逻辑计划执行完,生成的Optimizer Logical Plan会被SparkPlanner调用plan方法执行,SparkPlaner会将各种物理计划策略strategies作用到Logical Plan上,生成Iterator[SparkPlan],SparkPlan是物理计划的父类,所以一个逻辑计划可能产生多个物理计划,然后选取最佳的SparkPlan,看如下代码,spark2.3.3版本中仍然是用next方法选取第一个。之后在执行计划前做一些准备工作,调用若干规则应用,toRDD函数正式执行物理计划,转换成RDD[InternalRow]类型
lazy val withCachedData: LogicalPlan = {
assertAnalyzed()
assertSupported()
sparkSession.sharedState.cacheManager.useCachedData(analyzed)
}
lazy val optimizedPlan: LogicalPlan = sparkSession.sessionState.optimizer.execute(withCachedData)
lazy val sparkPlan: SparkPlan = {
SparkSession.setActiveSession(sparkSession)
// TODO: We use next(), i.e. take the first plan returned by the planner, here for now,
// but we will implement to choose the best plan.
planner.plan(ReturnAnswer(optimizedPlan)).next()
}
// executedPlan should not be used to initialize any SparkPlan. It should be
// only used for execution.
lazy val executedPlan: SparkPlan = prepareForExecution(sparkPlan)
/** Internal version of the RDD. Avoids copies and has no schema */
lazy val toRdd: RDD[InternalRow] = executedPlan.execute()
/**
* Prepares a planned [[SparkPlan]] for execution by inserting shuffle operations and internal
* row format conversions as needed.
*/
protected def prepareForExecution(plan: SparkPlan): SparkPlan = {
preparations.foldLeft(plan) { case (sp, rule) => rule.apply(sp) }
}
/** A sequence of rules that will be applied in order to the physical plan before execution. */
protected def preparations: Seq[Rule[SparkPlan]] = Seq(
python.ExtractPythonUDFs,
PlanSubqueries(sparkSession),
EnsureRequirements(sparkSession.sessionState.conf),
CollapseCodegenStages(sparkSession.sessionState.conf),
ReuseExchange(sparkSession.sessionState.conf),
ReuseSubquery(sparkSession.sessionState.conf))
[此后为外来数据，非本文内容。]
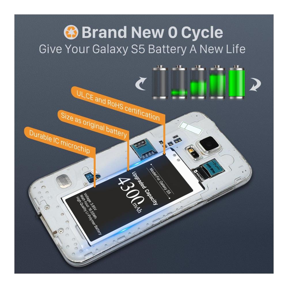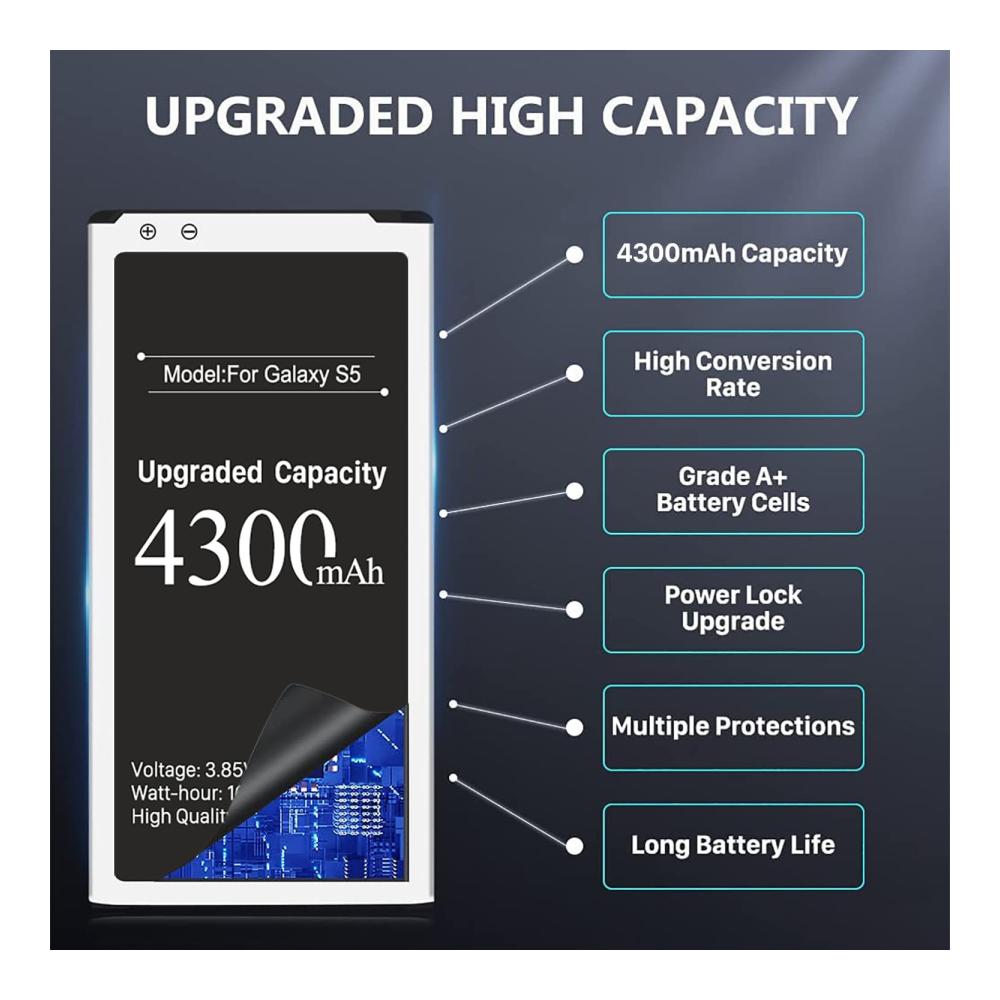 1 x 4300 mAh Samsung Galaxy S5Ersatzakku.
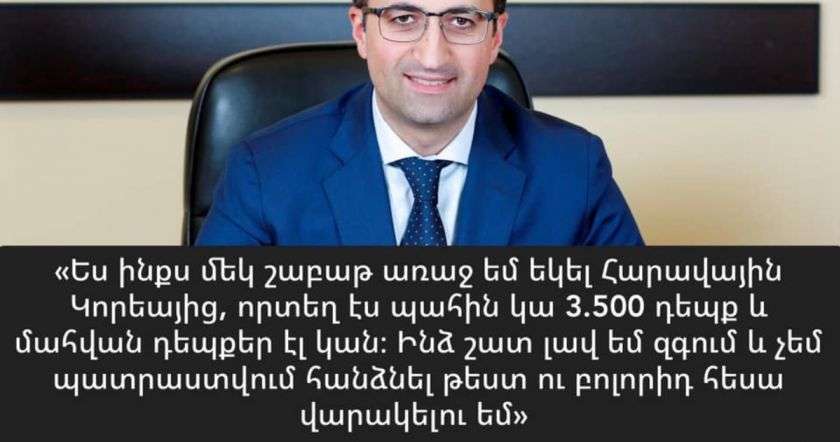 Հ․ Գ․ Հիշեք, որ դեռ մայիսի կեսերին Արսեն Թորոսյանը խոստանում էր 500,000 վարակակիր Հայաստանում, հետևաբար՝ տասնյակ հազարավոր մահեր։ալիև ընտանիքը հպարտանում է ձեզնով, պարո՜ն նախարար։

在生成物理计划时,需要对子节点进行分区和排序,每个子类会有自己的实现,UnspecifiedDistribution就是未指定分布,无需确定数据之间的位置关系
/**
* Specifies the data distribution requirements of all the children for this operator. By default
* it's [[UnspecifiedDistribution]] for each child, which means each child can have any
* distribution.
*
* If an operator overwrites this method, and specifies distribution requirements(excluding
* [[UnspecifiedDistribution]] and [[BroadcastDistribution]]) for more than one child, Spark
* guarantees that the outputs of these children will have same number of partitions, so that the
* operator can safely zip partitions of these children's result RDDs. Some operators can leverage
* this guarantee to satisfy some interesting requirement, e.g., non-broadcast joins can specify
* HashClusteredDistribution(a,b) for its left child, and specify HashClusteredDistribution(c,d)
* for its right child, then it's guaranteed that left and right child are co-partitioned by
* a,b/c,d, which means tuples of same value are in the partitions of same index, e.g.,
* (a=1,b=2) and (c=1,d=2) are both in the second partition of left and right child.
*/
def requiredChildDistribution: Seq[Distribution] =
Seq.fill(children.size)(UnspecifiedDistribution)
/** Specifies sort order for each partition requirements on the input data for this operator. */
def requiredChildOrdering: Seq[Seq[SortOrder]] = Seq.fill(children.size)(Nil)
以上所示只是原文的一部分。